Data provided
-*-

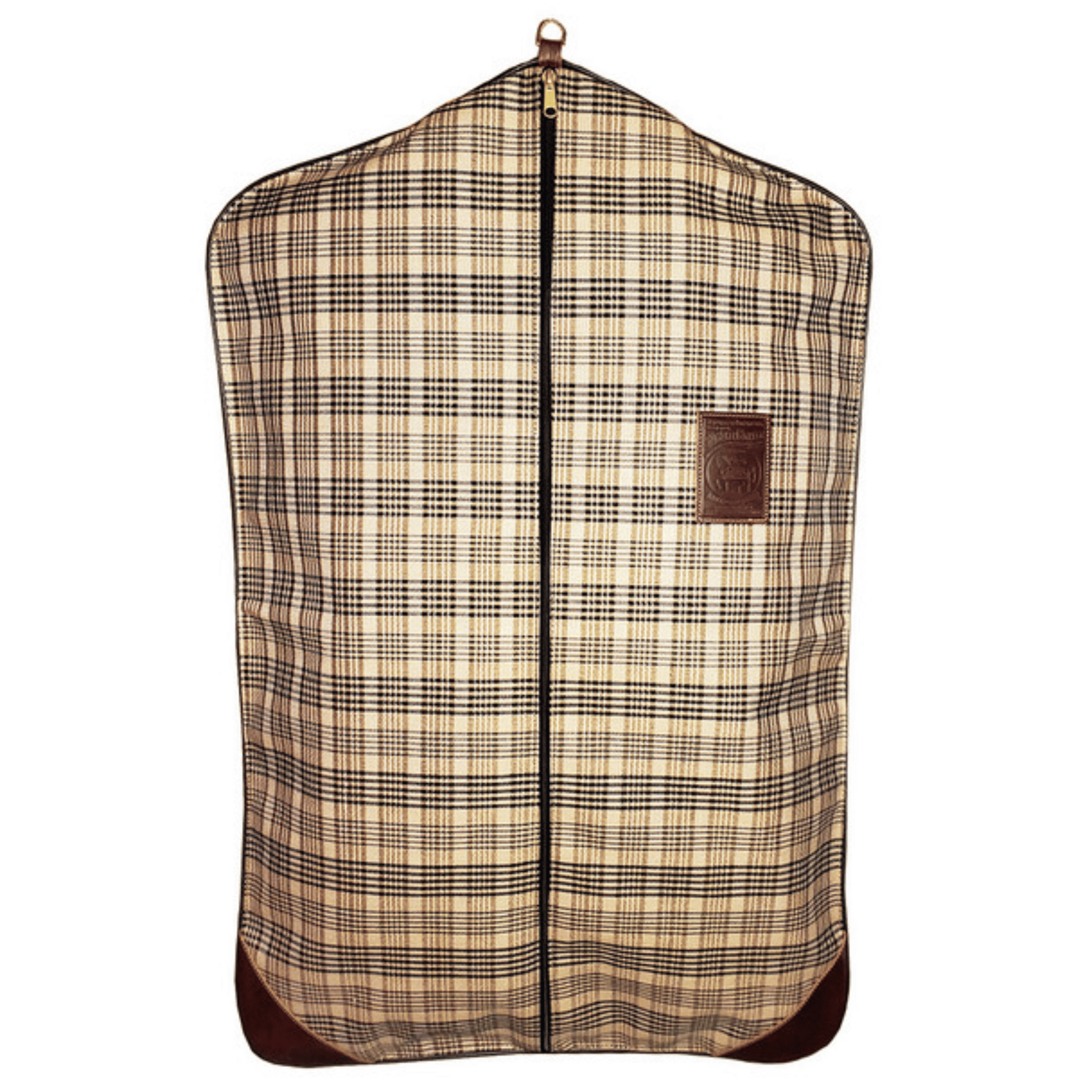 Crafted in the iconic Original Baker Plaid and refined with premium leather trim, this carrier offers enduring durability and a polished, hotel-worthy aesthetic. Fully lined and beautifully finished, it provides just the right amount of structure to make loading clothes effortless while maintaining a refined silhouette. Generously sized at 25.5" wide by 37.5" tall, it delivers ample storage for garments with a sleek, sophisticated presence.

-*-

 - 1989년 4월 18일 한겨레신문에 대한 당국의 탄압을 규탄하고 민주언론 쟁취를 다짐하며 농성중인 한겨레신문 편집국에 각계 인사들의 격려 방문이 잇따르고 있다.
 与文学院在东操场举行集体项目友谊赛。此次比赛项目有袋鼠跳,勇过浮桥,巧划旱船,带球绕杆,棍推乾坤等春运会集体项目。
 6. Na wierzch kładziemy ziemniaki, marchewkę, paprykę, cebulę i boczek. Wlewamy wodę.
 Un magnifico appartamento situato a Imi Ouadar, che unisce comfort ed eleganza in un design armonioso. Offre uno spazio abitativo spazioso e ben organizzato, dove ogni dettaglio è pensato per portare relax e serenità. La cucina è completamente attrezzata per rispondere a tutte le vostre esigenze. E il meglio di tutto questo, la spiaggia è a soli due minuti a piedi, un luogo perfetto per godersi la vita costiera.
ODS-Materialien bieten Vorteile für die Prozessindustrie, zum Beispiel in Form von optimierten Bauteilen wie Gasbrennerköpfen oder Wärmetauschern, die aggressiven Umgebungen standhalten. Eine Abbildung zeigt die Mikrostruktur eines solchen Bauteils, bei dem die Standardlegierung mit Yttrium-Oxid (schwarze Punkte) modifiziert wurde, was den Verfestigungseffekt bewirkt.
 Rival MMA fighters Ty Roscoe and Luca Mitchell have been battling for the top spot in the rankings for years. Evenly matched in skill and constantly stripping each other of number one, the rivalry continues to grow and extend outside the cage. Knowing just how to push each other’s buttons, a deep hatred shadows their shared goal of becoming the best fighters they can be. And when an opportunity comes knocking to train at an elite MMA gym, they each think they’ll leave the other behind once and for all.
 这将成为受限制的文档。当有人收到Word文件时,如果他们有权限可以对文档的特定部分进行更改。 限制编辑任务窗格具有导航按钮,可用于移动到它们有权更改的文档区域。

-*-

Aim of the task
Taking the lines above, repeat exactly those from the line that contains "ODS-Materialien bieten Vorteile" through the line that contains "Rival MMA fighters", and both of those lines as well. Include nothing else.

Answer to the problem
ODS-Materialien bieten Vorteile für die Prozessindustrie, zum Beispiel in Form von optimierten Bauteilen wie Gasbrennerköpfen oder Wärmetauschern, die aggressiven Umgebungen standhalten. Eine Abbildung zeigt die Mikrostruktur eines solchen Bauteils, bei dem die Standardlegierung mit Yttrium-Oxid (schwarze Punkte) modifiziert wurde, was den Verfestigungseffekt bewirkt.
 Rival MMA fighters Ty Roscoe and Luca Mitchell have been battling for the top spot in the rankings for years. Evenly matched in skill and constantly stripping each other of number one, the rivalry continues to grow and extend outside the cage. Knowing just how to push each other’s buttons, a deep hatred shadows their shared goal of becoming the best fighters they can be. And when an opportunity comes knocking to train at an elite MMA gym, they each think they’ll leave the other behind once and for all.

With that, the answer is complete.